As for TCD, I've made some research, it transfers the the 16 bits in of the accumulator to the Direct Page Register I think, but I'm not exactly sure what that means?
Does it affect which page/bank you access? For example instead of accessing Zero Page, you access Page 02?
@psycopathicteen I don't think this is relevant to what the fellow is doing in his first pass, but we need clarification from him on what he's going with for now. I get the impression, as a first-pass-attempt, he's going to keep a raw copy of the tilemap (all $800 bytes) in WRAM, and wanted to update bits/pieces of it (ex. a column) and then write that to the related/appropriate part of PPU RAM -- i.e. $7F0000-01 ends up in (assuming SC base address = PPU RAM $2000) $2000-01, $7F0040-41 ends up in $2040-41, etc.. -- for the far left column.
So to clarify, first of all, I've set $2105 (BGMODE) to $01 (bg mode 1, tile size 8). and $2107 (BG1SC) is set to $10 (only one 32x32 tilemap).
At the beginning, I first load the tilemap from the ROM to PPU via DMA. Then when going left and right, I scroll the background. For now, it only wraps back.
What I'm looking to do, is fetch a column of another tilemap in the ROM and write it over a column of the tilemap in the PPU. (So it gives the illusion of a longer level, like the GIF tepples posted). From what I've read in this thread, it might be a good idea to first transfer it to the WRAM, and then copy the column I need from the WRAM to the PPU.
I now have a precise idea of what I need to write to achieve this.
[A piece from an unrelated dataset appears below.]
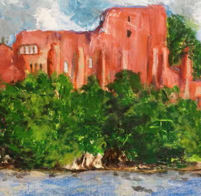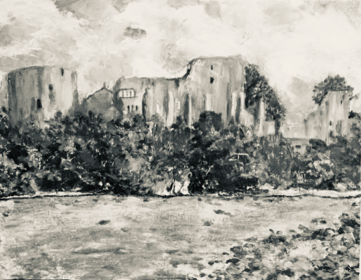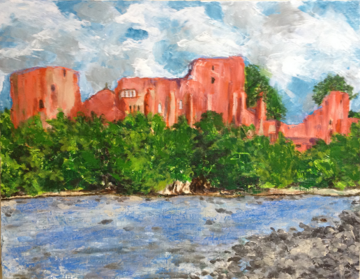 The ruins of Barnard Castle comes alive because the amazing landscape is embedded through the prism of her art. Hence, the River Tees and the strong color scheme of the clouds illuminate the ruins of Barnard Castle.
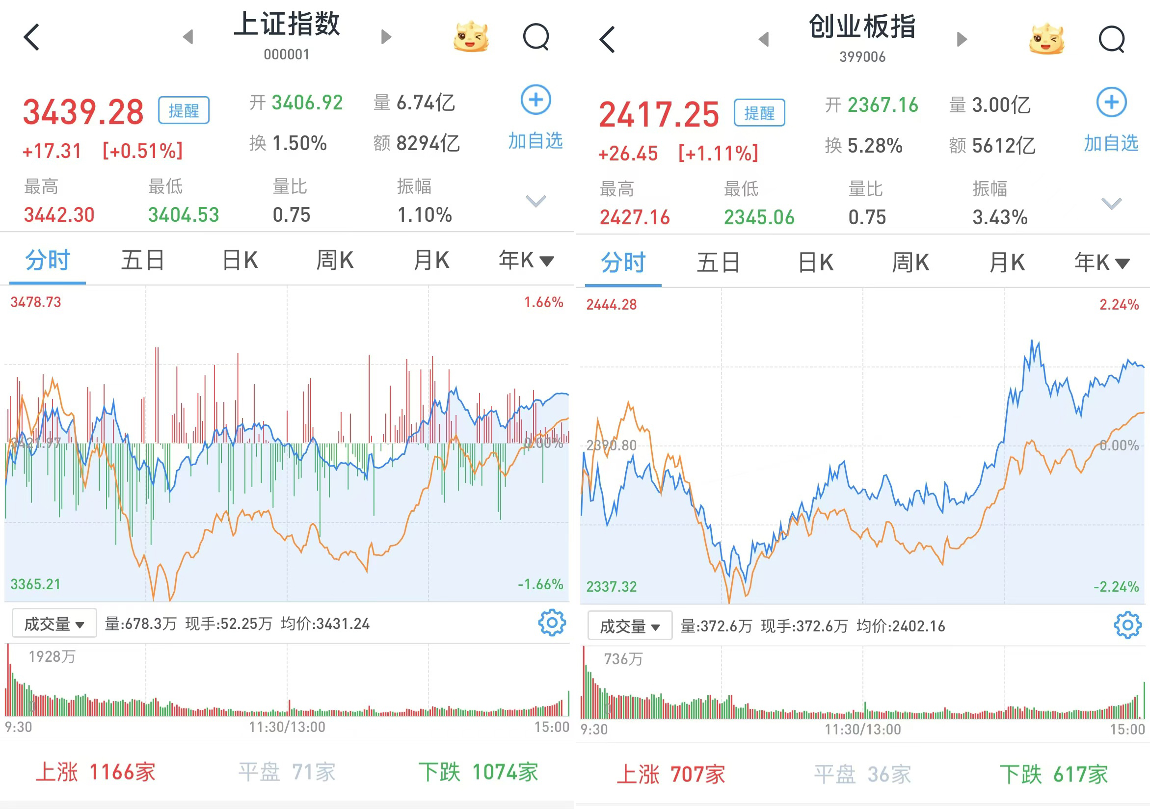 至收盘,上证综指涨0.51%,报3439.28点;科创50指数涨1.03%,报1061.37点;深证成指涨0.4%,报11359.29点;创业板指涨1.11%,报2417.25点。

I'm gonna try it and hopefully get back to you with something working
Thanks a bunch
Re: Need some tips for a demo
Posted: Tue Feb 26, 2019 4:28 pm
by tepples
Using 24-bit addressing works in both LoROM and HiROM. Not using long addressing, that is, using 16-bit absolute addressing without regard for the contents of the data bank register (B), is most practical in LoROM. The difference is that in HiROM, the data bank register will usually be in $C0-$FF, which is ROM, or $7E-$7F, which is WRAM. Neither of these banks allows access to MMIO. In LoROM, by contrast, the data bank register is more likely to be in $80-$BF, which contains the MMIO areas $2100-$21FF and $4200-$437F. There are more advanced ways to use MMIO with absolute addressing in HiROM, and they rely on the fact that the second half of each bank of $C00000-$FFFFFF ($C08000-$C0FFFF, $C18000-$C1FFFF, etc.) is mirrored down to banks $80-$BF. This requires bit manipulation either at assembly time or at runtime when determining which values to push onto the stack before plb, and it may require the linker script to place certain data in the second half of a bank.
When you load $0000 into the direct page base register (D), lda $3F reads $00003F.
When you load $0200 into the direct page base register, lda $3F instead reads $00023F.
When you load $0210 into the direct page base register, lda $3F reads $00024F and costs an extra cycle because bits 7-0 of the register are not 0.